The problem: Starting at the line with "Aby uzupełnić numer" and going on through the line with "图为小朋友专心制作小蜘蛛", reproduce each line in the records below exactly and nothing more.

** Opening Data supplied block **

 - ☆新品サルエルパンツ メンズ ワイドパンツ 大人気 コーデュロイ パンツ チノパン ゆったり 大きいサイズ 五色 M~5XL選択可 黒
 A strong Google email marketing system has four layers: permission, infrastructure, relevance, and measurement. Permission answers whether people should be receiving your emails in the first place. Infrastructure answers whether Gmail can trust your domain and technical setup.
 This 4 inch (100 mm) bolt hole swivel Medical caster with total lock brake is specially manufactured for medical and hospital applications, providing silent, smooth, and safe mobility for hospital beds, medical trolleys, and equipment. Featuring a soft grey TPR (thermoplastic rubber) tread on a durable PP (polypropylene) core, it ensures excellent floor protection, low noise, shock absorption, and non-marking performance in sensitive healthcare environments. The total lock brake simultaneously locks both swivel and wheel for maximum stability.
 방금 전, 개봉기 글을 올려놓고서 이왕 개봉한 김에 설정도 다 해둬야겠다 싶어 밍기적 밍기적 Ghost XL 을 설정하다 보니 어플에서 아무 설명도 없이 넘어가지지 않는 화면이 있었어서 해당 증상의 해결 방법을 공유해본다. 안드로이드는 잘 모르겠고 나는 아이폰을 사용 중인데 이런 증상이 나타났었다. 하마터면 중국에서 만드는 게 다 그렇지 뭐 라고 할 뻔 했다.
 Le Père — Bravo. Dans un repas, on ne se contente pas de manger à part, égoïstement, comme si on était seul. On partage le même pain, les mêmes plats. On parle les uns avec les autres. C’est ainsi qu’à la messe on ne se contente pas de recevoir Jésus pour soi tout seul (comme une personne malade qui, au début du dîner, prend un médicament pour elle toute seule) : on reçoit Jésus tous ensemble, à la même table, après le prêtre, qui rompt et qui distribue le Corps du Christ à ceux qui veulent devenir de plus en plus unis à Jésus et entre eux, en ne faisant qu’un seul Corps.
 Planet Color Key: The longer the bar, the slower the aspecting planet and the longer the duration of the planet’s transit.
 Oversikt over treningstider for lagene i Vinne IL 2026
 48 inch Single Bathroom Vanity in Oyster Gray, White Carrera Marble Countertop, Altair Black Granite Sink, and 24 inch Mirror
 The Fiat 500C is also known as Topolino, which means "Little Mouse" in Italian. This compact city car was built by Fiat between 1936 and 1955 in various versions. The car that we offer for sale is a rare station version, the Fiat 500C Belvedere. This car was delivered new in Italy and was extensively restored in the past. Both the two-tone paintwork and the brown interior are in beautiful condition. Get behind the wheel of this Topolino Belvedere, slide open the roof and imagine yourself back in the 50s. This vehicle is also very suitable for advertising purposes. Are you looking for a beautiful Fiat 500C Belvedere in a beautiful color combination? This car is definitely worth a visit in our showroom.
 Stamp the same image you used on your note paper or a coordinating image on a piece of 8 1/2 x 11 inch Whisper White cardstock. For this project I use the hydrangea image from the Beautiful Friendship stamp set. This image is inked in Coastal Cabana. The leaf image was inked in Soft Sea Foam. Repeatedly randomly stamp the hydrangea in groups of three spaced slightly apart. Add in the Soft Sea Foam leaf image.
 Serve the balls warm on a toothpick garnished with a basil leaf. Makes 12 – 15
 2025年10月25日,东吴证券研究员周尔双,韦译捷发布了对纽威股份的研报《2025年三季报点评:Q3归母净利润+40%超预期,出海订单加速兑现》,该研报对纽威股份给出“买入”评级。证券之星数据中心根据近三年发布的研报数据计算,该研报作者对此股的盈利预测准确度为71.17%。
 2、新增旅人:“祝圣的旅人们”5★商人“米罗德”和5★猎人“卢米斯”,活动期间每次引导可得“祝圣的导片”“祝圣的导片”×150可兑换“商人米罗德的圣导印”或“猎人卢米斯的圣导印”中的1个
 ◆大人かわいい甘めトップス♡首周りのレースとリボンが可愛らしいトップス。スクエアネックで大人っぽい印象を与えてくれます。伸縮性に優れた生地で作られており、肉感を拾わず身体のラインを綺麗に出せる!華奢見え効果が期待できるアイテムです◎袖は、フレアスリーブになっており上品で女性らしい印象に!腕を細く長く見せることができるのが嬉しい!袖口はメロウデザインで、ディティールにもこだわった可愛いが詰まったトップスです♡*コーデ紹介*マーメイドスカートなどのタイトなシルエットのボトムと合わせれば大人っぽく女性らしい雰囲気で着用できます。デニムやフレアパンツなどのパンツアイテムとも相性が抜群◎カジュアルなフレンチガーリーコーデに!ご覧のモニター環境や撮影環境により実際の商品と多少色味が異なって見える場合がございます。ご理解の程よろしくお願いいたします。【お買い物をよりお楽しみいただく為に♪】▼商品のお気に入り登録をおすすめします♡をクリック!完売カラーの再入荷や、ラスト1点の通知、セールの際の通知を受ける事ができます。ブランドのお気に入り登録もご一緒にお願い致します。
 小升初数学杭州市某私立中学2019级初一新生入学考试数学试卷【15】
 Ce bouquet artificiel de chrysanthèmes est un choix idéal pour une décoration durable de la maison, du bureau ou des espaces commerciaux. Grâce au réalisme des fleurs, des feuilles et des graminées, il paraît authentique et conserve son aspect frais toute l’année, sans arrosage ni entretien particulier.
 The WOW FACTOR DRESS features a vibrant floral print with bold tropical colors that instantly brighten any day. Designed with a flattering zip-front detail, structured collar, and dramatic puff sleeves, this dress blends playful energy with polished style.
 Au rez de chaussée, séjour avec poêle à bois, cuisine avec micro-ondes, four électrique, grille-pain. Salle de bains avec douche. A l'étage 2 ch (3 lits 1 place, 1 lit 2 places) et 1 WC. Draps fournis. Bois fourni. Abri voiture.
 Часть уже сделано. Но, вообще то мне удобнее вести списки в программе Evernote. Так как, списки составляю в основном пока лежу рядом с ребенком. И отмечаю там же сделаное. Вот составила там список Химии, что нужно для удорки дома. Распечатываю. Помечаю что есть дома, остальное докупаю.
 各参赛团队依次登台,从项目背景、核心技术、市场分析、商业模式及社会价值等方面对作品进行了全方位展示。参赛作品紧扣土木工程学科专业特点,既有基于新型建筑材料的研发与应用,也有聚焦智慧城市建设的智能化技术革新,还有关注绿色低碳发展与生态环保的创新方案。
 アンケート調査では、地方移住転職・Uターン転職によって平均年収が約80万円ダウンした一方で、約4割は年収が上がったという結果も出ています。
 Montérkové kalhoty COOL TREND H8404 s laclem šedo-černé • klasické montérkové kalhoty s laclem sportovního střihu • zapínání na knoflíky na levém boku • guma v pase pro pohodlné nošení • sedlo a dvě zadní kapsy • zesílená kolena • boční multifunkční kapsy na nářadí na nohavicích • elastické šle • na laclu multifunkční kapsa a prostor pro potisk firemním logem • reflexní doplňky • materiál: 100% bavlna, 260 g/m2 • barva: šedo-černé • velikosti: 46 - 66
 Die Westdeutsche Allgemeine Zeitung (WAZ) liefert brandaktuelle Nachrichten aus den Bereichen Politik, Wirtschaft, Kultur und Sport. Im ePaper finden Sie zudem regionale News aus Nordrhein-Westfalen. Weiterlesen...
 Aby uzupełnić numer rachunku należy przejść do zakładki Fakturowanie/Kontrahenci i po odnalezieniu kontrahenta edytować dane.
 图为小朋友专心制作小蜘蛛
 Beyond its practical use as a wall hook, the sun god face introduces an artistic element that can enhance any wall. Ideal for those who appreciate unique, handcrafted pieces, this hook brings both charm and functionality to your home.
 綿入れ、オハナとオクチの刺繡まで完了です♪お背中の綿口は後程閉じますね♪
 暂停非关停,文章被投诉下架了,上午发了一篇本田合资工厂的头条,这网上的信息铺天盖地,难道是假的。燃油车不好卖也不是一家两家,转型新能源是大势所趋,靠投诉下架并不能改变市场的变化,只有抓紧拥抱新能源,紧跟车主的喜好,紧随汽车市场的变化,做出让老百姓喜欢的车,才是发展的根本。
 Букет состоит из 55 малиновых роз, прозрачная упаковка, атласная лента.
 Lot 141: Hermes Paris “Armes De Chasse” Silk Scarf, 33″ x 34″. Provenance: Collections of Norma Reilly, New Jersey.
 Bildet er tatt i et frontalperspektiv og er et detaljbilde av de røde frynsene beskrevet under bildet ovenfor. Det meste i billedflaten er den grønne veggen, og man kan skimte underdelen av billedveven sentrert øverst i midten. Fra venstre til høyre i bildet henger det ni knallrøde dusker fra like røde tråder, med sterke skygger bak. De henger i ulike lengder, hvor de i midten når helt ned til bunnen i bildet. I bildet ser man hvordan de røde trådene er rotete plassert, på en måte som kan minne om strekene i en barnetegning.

** Closing Data supplied block **

Output for this exercise:
 Aby uzupełnić numer rachunku należy przejść do zakładki Fakturowanie/Kontrahenci i po odnalezieniu kontrahenta edytować dane.
 图为小朋友专心制作小蜘蛛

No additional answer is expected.